So we practiced patience (albeit difficult!) and made a familiar decision, like those we made in summer when a crop is not ready to harvest or field conditions are too unsafe for vehicles or our team. We decided our kale harvest was simply not possible to get the quality of greens that would taste delicious and hold up in your refrigerator. With any luck, sunny days and warmer temperatures will soon return, greens will be even more cold-sweetened and delicious, and we will again harvest from hoophouses for you!
In the meantime, this share highlights the amazing growing of our farming friends from Wisconsin, Michigan and Illinois to bring you this truly collaborative winter share from us all. We’re channeling summer and sharing several of our favorite summer crops that we’ve frozen, in collaboration with our friends at Victus Foods and Mick Klug Farms. We’re also sharing several of our stored root crops for soups and groats for warm breakfasts. Please stay warm, enjoy winter and enjoy this week's local food!

The Miller family (Jeff, Jen, Owen and Gavin Miller)
Note from the Farm Kitchen
This week's share includes three of our favorite roots -- scarlet turnips (left) and red beets (right) which are bagged together and rutabaga (not pictured) which is not bagged.

Rutabagas are creamy and starchy with a pale yellow flesh. Rutabagas are rich in vitamin C, dietary fiber, potassium and antioxidant compounds. They work well for mashing, roasting and braising.

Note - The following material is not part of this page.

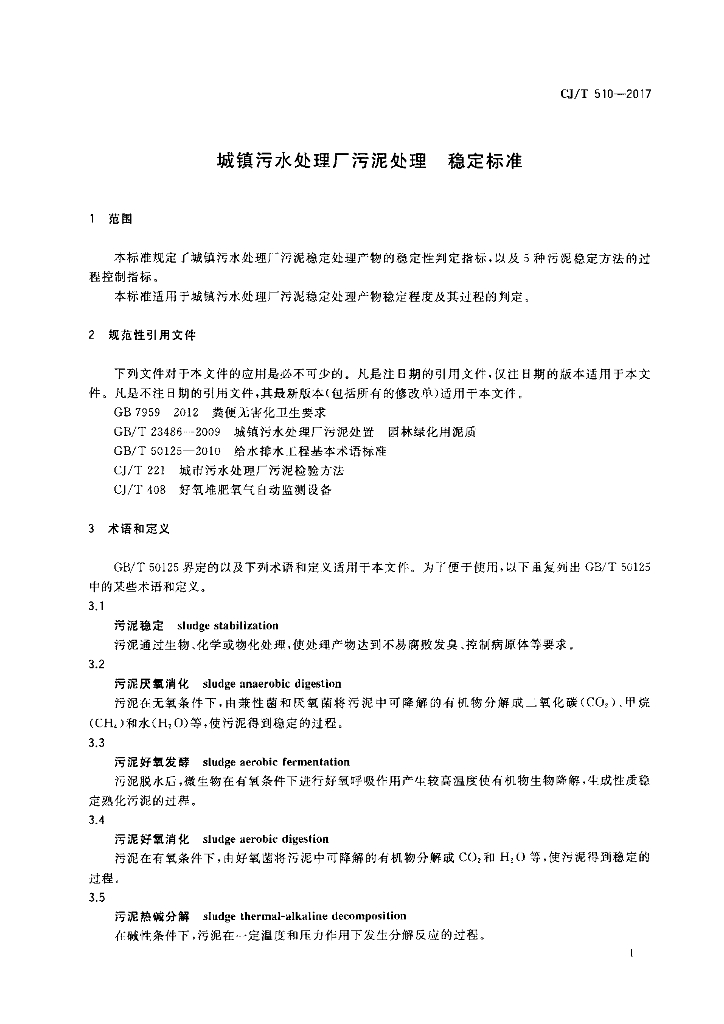 CJ/T 510-2017 城镇污水处理厂污泥处理 稳定标准

Rutabagas store extremely well when wrapped in a plastic bag in your refrigerator.

Scarlet turnips that have a mild radish flavor and a delicate sweetness that can be played up in dishes that call for apples, apple juice or honey. You can leave the skin on for a beautiful addition to roasted root vegetable combinations, or use a mandoline to slice into thin medallions and combine with other roots for a roasted vegetable gratin.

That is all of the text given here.